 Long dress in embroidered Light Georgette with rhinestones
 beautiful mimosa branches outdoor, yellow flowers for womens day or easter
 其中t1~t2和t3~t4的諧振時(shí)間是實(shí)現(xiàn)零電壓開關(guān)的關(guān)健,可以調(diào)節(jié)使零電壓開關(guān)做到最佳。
==
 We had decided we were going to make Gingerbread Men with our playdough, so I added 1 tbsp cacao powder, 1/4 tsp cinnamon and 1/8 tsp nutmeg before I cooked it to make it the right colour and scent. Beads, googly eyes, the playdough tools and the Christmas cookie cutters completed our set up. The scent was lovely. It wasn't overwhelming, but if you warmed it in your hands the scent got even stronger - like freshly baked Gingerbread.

### Aim of the exercise
Only the lines above from the line containing "Long dress in" through the line containing "其中t1~t2和t3~t4的" should be retyped, exactly and with both ends included.

### Written solution
 Long dress in embroidered Light Georgette with rhinestones
 beautiful mimosa branches outdoor, yellow flowers for womens day or easter
 其中t1~t2和t3~t4的諧振時(shí)間是實(shí)現(xiàn)零電壓開關(guān)的關(guān)健,可以調(diào)節(jié)使零電壓開關(guān)做到最佳。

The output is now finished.